ONERA has patented the principle of a low-cost device that significantly secures recreational aviation. The company Flarm Technology GmbH has developed the technology under license from Onera. With GPS data and a radio transceiver, FLARM locates other aircraft, gliders or drones equipped with Flarm flying nearby and offers the pilot a situational awareness that makes it possible to avoid midair collisions or collisions when landing. This system was made mandatory in France for gliders by an FFVV (French Gliding Federation) decision in March 2013.
Flarm became mandatory for gliders in France, as from the 1st of March 2013
This 1st of March 2013, by a decision of the French Gliding Federation (FFVV) (http://www.flarm.com/news/FFVV_CirculaireFlarmEN.pdf) carrying a Flarm became mandatory on all gliders, motor gliders and utility aircraft used in France.
Flarm installed above the dashboard of an ASW19. The enlarged view of the Flarm dial indicates that another glider is in front, flying at a lower altitude, invisible.
This firm decision was taken following the tragic crash on May 5, 2012 between a glider and a tow plane near Paris. Three very experienced pilots were the victims. In France, 48 midair collisions have been recorded since 1988 and 30 glider pilots have lost their lives.
This significant number of accidents is due to the fragility of the "see and avoid" concept. Indeed, in many airspaces, this principle which is the foundation of flight safety, is simply based on the perception by pilots of the air situation around their aircraft. The problem is that it is not always easy for both pilots to see each other and therefore be able to avoid each other.
A prospective study since 1997
Recognizing this sobering situation, ONERA has undertaken a prospective study since 1997 to analyze how the latest technologies could provide a solution to the problem. The technique of position and velocity broadcasting by any aircraft in a bubble around it, together with the processing of similar information that it receives from other aircraft flying in the vicinity, has proven to be the most promising: a solution was made possible thanks to the availability of low mass, low volume, safe and cheap GPS, computer and radio transmitter equipment. The definition of two prototypes of this equipment was then undertaken by ESME Sudria, under an agreement with Onera. The equipment was patented by ONERA in France in 1998 and the patent was extended to many other countries in 2002.
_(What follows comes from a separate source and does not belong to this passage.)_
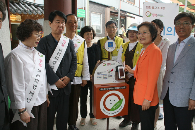 - [서울] 행복바람 전국으로 확산 '"사회 공헌 활동의 새로운 길벗, 전통문화 나눔문화로 어우러진 ,2014년 대한민국 행복바라미 문화대축전의 출발을 선포 합니다." 불기 2558년(2014) 6월20일 오후7시 서울광화문 광장에서 열린 '행복바라미 문화대축전" 알림식'에서 김희옥 동국대 총장은 거리모금 캠페인의 시작을 알렸다. 사단법인 날마다 좋은날(이사장 이기흥)은 6월19~20일 열린 행복바라미 문화대축전은 자비문화의 확산을 위한 거리 모금의 캠페인이자 전통문화와 나눔문화가 어우러지는 새로운 문화축제의 장으로 열렸다. 이날 행사에는 포교원장 지원스님, 이기흥 날마다 좋은날 이사장, 총무부장 정안스님, 조계사주지 원명스님, 도선사주지 도서스님, 박원순 서울시장, 김희옥 동국대 총장, 포교사단 서울지역 정목희 단장, 서울지역포교사 등 사부대중 1천여 명이 참석했다. 행복바라미 문화대축전은 세월호 실종자 12명의 귀환을 기원하는 노란손수건 달기를 시작으로, 조계종포교원장 지원스님, 이기흥날마다 좋은날 이사장 외 내빈들은 신용카드로 기부를 하는 행복바라미 단말기를 시연하며 동참에 호소했다. 조계종총무원장 자승스님은 총무부장 정안스님이 대독한 치사를 총해, "작은 몸짓과 발걸음으로 세상의 변화는 시작되는 만큼 당장의 성과나 변화가 없더라도 지속적으로 추진해 나가야 한다" 면서 "공업중생으로 행복을 나눠 우리 모두가 향기롭길 기원한다" 고 당부했다. 박원순 서울시장은 축사에서, '조계사에서 세월호 참사로 희생자의 넋을 추모제를 열어주는 등 "불교계가 국가적 슬픔에 치유와 위로의 등불이 돼 주고 있다"며 "아울러 서울시와 함께 경복궁과 조계사, 인사동을 잇는 역사문화관광지원 조성사업, 신재생에너지 확산을 추진하고 있다" 앞으로도 불교계와 서울시가 호흡을 맞춰 많은 일을 할 수 있길 소망한다."고 강조했다 이기흥 날마다 좋은날 이사장은, 환영사에서 '행복바라미의 자비와 참여정신을 우리 사회에 더욱 확산함으로서 나와 너, 어려운 이와 돕는 이, 모두가 행복의 가치를 함께 실현하는 좋은 벗이 되길 다짐 한다"면서 "2년차인 행복바라미 문화대축전이 우리 사회에 비관과 절망이 아닌 낙관과 희망의 행복바람을 일으키도록 함께 노력해 나가자고 서원했다. 이어 사부대중은 조계종 전교육원장 청화스님의 축시 "나누는 손바닥"'을 함께 낭독하고 행복바라미 로고송을 불렀다. 저녁8시부터 승무, 바라춤, 난타, 인디밴드의 축하공연 애니메이션 "붓다"가 상영됐다. 행복바라미 홍보대사로는 (소트트랙 공상정, 심석희, 조해리선수, 수영 정다래 선수 노인상 전 수영감독) 사인회,전통문화 전시 및 체험 등 다양한 프로그램을 통해 전통문화의 우수성과 자비나눔분위기의 확산을 유도했다. 특히 나눔문화켐페인은 6월21일부터 7월5일까지 전국16개 시도 108곳에서 모금함을 설치하고 대규모 거리모연을 펼친다. 이 기간 동안 지역 행사로 △수원 팔달구 지동교(6월22일) △대전 은행동 으능정이 문화의 거리(6월28일) △광주역 광장(6월29일) △대구 동성로 대구백화점 앞(7월5일) △부산 광복로 패션거리(7월6일) 등 지역 랜드마크에서 켐페인을 펼친다. 모연된 수익금은 우리사회 구석구석 소외 진 이웃들, 무의탁 노인과 청소년 빈곤 이주민 등 에게 쓰일 예정이다. 글/ 사진 홍보팀 수연성 송수옥

Today, there are more than 20,000 Flarm in the world and lives have been saved
In 2003, a team of Swiss pilots defined, developed and marketed the Flarm. Onera signed a licensing agreement with the company Flarm Technology GmbH enabling them to defend their product against third party competitors with the Onera patent, while keeping the price of the Flarm affordable for all general aviation pilots.
Sold for about 700€, easy to install and with low power consumption, the Flarm is accessible for all gliding clubs with a return on investment given by substantial safety improvement. Consequently, its use has been spreading throughout Europe since 2006, without any regulatory obligation having been enforced; pilots have noted the gain in security that it brings, by making the "see and avoid" principle more effective.
In 2010, Onera participated, within the "General Aviation" group of the European Aviation Safety Agency (EASA), in drafting the brochure "Collision avoidance", intended for all European pilots. On November 16, 2012, EASA authorized the integration of one of the versions of Flarm on certified aircraft.
On the 1st of March 2013, the FFVV mandated that a Flarm must be carried onboard all gliders, motor gliders and utility aircraft used in France.
Today, more than 20,000 Flarm are in service around the world, many stories show that they have already certainly saved several lives by alerting pilots who could not see each other due to the kinematics of their trajectories and that would consequently have otherwise collided.
Flarm and the inclusion of drones in air traffic
The wide dissemination of Flarm could also help to facilitate the integration of drones in airspace, as shown by the tests performed by ONERA in April 2013. The image below shows the information received by the pilot of the Salon de Provence BA701 glider on the position of the Onera Harrier glider simulating a drone, also equipped with a Flarm (red circle). The "Below" and "Left Front" indications allow the glider pilot to locate the drone and avoid it, even though the latter has not detected it because of the low optical and radar signatures of the glider.
With FLARM, the glider pilot is informed of the position of the drone operating in its vicinity. It can then take evasive action safely.sécurité.